Following this debacle, alongside growing biomedical research into the long Covid, we finally seem to have moved past the dark days of post-viral disease psychologization. But a lot of damage has been done; research is decades behind what it should be. Long Covid is an opportunity to change that – to finally find cures for post-viral illnesses. However, this will require investments on a scale well in excess of £50m. Moreover, that £50m pales in comparison to the economic impacts of the long Covid, particularly on jobs. Basically, the risk profile for long Covid is very different from Covid. While older people are most at risk of dying from Covid, people aged 35 to 49 are most likely to develop long Covid. In other words, the long Covid cuts people into their economic peak; studies estimate that almost half of long haulers need reduced working hours and around one in four cannot work at all. Long Covid is therefore likely one of the driving factors behind the current labor shortage. Companies are already feeling the crisis. A quarter of UK employers say the long Covid is now a leading cause of long-term illness-related absence.
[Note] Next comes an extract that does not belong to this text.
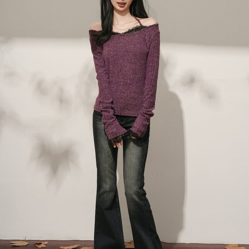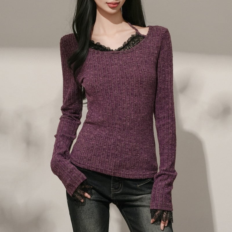 レースがのぞく袖口が印象的なリブニットトップスです。

Likewise, the long Covid promises to be an additional strain on the already overstretched NHS. Last but not least, handling hundreds of long-haul flights will be very expensive. More worryingly, more than 3% of healthcare workers have long had Covid – above the national average of 2.4% – likely due to their increased exposure to Covid. Even before Omicron, NHS staff had lost more than 2 million days due to long Covid-related absences. Social care and education are also significantly affected, as teachers and social workers have disproportionately had Covid for a long time.
In short, it threatens to affect nearly every sector of society and the economy, making that £50m figure increasingly irrational and miserly. It’s also important to think about all the talent and potential that is wasted while the long haulers wait for treatments to emerge.
Over the past two years, we’ve seen how quickly things can happen when governments, scientists and the pharmaceutical industry get to work on a problem. It is a triumph of human effort that a range of effective vaccines has been developed in record time. This urgency must now be applied to the battle against the long Covid. If we delay, hundreds of thousands of people will needlessly lose years of their lives to this brutal and relentless disease.